If you’re getting a tooth extracted, you may be wondering how long your mouth will be sore after the procedure. Though it varies from person to person, there are some things you can do to ensure that your recovery goes as smoothly as possible and that you feel comfortable enough to get back to your normal daily routine quickly. Read on to learn more about the process of tooth extraction, what the healing process entails, and how you can care for your mouth after tooth extraction at affordable dentist near me.

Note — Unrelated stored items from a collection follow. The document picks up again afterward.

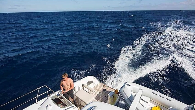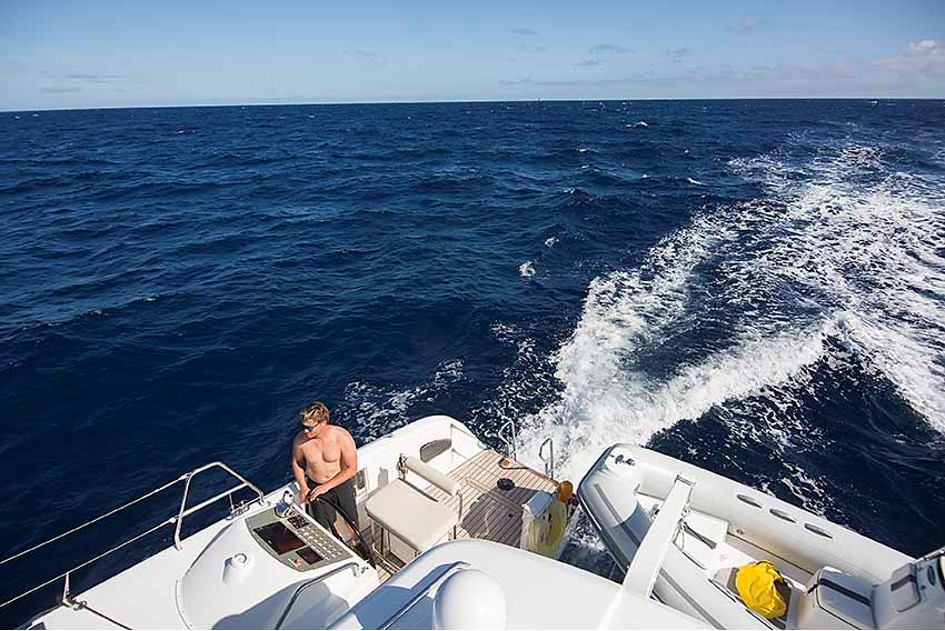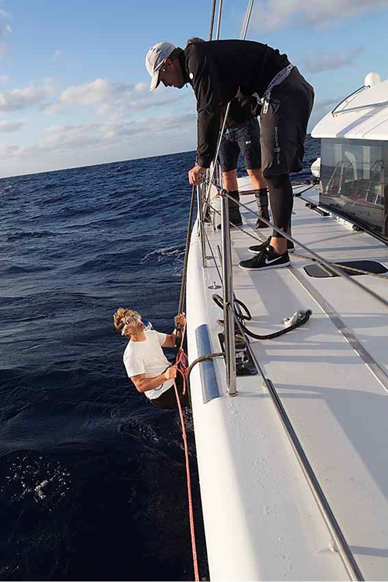 Strax efter gryningen mojnar det, vi väcker alla som behövs för jobbet, alla får vakna till, vi pratar igenom planen flera gånger så att alla har en klar bild över situationen och vad vi vill åstadkomma. Gör vi detta rätt borde det vara relativt lätt att få bort tampen utan risk att skada båt eller riskera att förvärra situation. Planen är att Philip kopplas till ett fall, en tamp akterut och en tamp förut. Vi tar ner gennakerrn, drejar bi och sänker ner Philip till vattenbrynet, vågorna är relativt  lugna just här och han kan dyka ner och verifiera att vår teori stämmer. Det gör den, han försöker lösgöra tampen för hand men den sitter alltför hårt inkilad. Vi drar tampen hela vägen fram till ett block som vi riggar under peket bak till en vinsch. Vi behöver bara vinscha lite lätt och tampen lossar. Hela besättningen jublar och ger varandra high-fives.
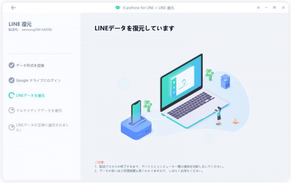 Step4:Googleアカウントにログイン後、すぐにLINEの復元作業にアクセスできます。LINEのデータがAndroidに復元されると、Android端末が再起動されます。その後、LINEのデータを確認できます。
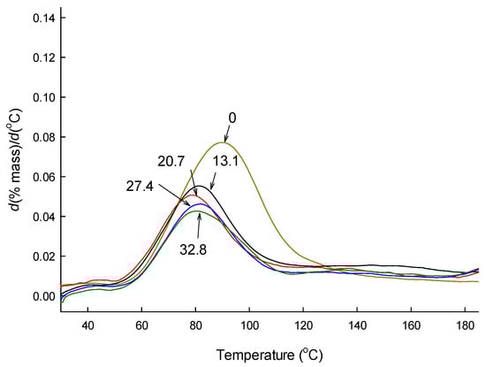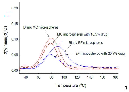 Figure 4 shows typical TG and DTG curves of a microsphere batch manufactured using ethyl formate. The TG curve illustrated that there was very little weight loss of microspheres below 200 °C, and the mass loss arising from the evolvement of ethyl formate was not sharply outlined (Figure 4a). On the contrary, its DTG curves displayed a clear peak indicative of the volatilization of residual ethyl formate in PLGA microspheres (Figure 4b,c). Figure 4 proves that DTG allows recognizing the thermal event of solvent evolvement more clearly than TG does. Moreover, DTG makes it easier to identify the temperatures at which the solvent volatilization begins and ends. Figure 5 illustrates portions of DTG curves of PLGA microspheres with various amounts of progesterone over the temperature range of 30 to 185 °C. Distinct peaks arising from the evolvement of ethyl formate from different microspheres appear clearly.

What to Expect Before, During, and After Tooth Extraction
Planning for a tooth extraction involves many considerations, including how you’ll get around while it heals. What can you eat or drink? How long will your teeth ache afterward? How much is that cheap dentist going to cost? Below are answers to some of these questions. You might also have concerns about getting an affordable dentist near me, so read on! If these issues feel familiar and you’re wondering if now’s a good time for treatment, call us today. We serve patients in Ann Arbor, MI and would love to help you make your smile brighter.
Aftercare at Home
Ice is a quick, inexpensive way to alleviate pain. Pack some ice in a plastic bag and hold it against your face or cheek for 10 minutes at a time. This will help reduce swelling and relieve pain from any extracted teeth. It’s very important that you follow all instructions given by your dentist; if s/he says something hurts, don’t ignore it! You may also want to schedule a consultation with an affordable dentist near me in case you need treatment like stitches or antibiotics (but if you do end up needing stitches, rest assured they’ll be far less painful than getting them done in person). And make sure you have easy access to pain relievers, so you can pop some as soon as necessary.

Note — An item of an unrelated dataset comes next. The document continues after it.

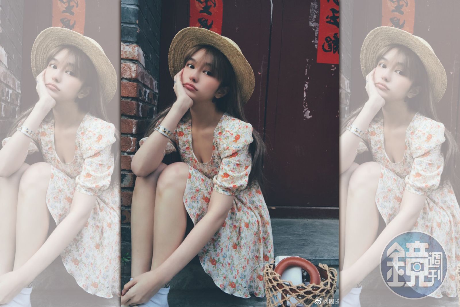 周揚青於今中午在微博中分享露乳溝的性感美照,並寫:「今天帶大家遊覽北京的胡同。」(翻攝自周揚青微博)發布時間:2020.04.07 18:54 臺北時間
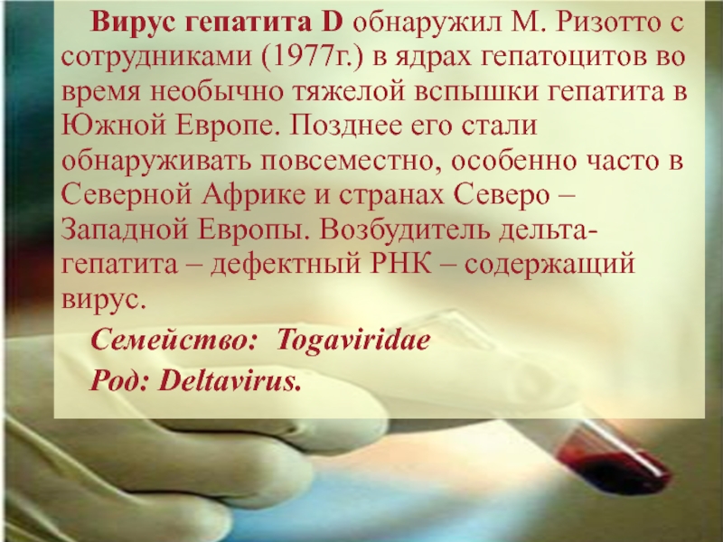 Слайд 27Вирус гепатита D обнаружил М. Ризотто с сотрудниками (1977г.) в

Brushing and Flossing Tips
One week following an oral surgery procedure such as a tooth extraction, visit an affordable dentist near me to have sutures removed and get necessary prescriptions for antibiotics. The following week, follow-up with a visit to see your affordable dentist near me or periodontist if you experience any problems. During those first two weeks, it’s important that you avoid hard foods that could interfere with healing. If there is swelling or infection around your wound site, continue taking antibiotics until you no longer experience symptoms. Once healing has taken place in two weeks, carefully return back to normal eating habits while staying on top of brushing and flossing twice daily.
Eating and Drinking Tips
After you’ve had a tooth extracted, it’s vital that you don’t eat or drink anything for about four hours. After that, eating and drinking can be a bit painful. Try to eat soft foods like mashed potatoes, soup or yogurt until things get back to normal. Some people may have a harder time than others with eating and drinking post-extraction; if that happens to you, ask your dentist if it’s OK for you to use an over-the-counter pain reliever like ibuprofen while they heal up. For best results, continue using nonsteroidal anti-inflammatory drugs (NSAIDs) as prescribed until any swelling goes down in a day or two.

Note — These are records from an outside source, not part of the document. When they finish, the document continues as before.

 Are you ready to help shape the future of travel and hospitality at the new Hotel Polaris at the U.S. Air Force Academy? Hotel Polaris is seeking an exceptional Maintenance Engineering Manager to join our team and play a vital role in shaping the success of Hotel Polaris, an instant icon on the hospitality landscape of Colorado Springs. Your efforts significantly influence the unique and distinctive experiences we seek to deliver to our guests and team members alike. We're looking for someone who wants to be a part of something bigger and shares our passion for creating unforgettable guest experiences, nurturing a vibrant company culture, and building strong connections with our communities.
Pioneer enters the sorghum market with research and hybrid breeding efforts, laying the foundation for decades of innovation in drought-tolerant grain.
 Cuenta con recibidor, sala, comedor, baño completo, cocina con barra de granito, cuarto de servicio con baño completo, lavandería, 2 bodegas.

When Should I Return to The Dentist?
First, be sure to visit an affordable dentist near you . Dentists who do not have specialized training and experience in oral surgery may put you at risk for dry socket. An oral surgeon will typically perform a teeth extraction near me , and if he or she does not have specialized training in it, there’s a chance that a serious complication like dry socket could occur. Some things you can do at home that can help prevent complications like dry socket
Preventing Dry Socket
Dry socket occurs when a blood clot that forms in a natural socket at a time when teeth have been extracted doesn’t form fully. The best way to avoid dry socket is by carefully cleaning and caring for your until all your stitches are out. Many dentists will also prescribe pain medication in order to help with any discomfort you may be experiencing as well. Dry socket can usually be treated with antibiotics, but if it continues, more serious treatment is needed.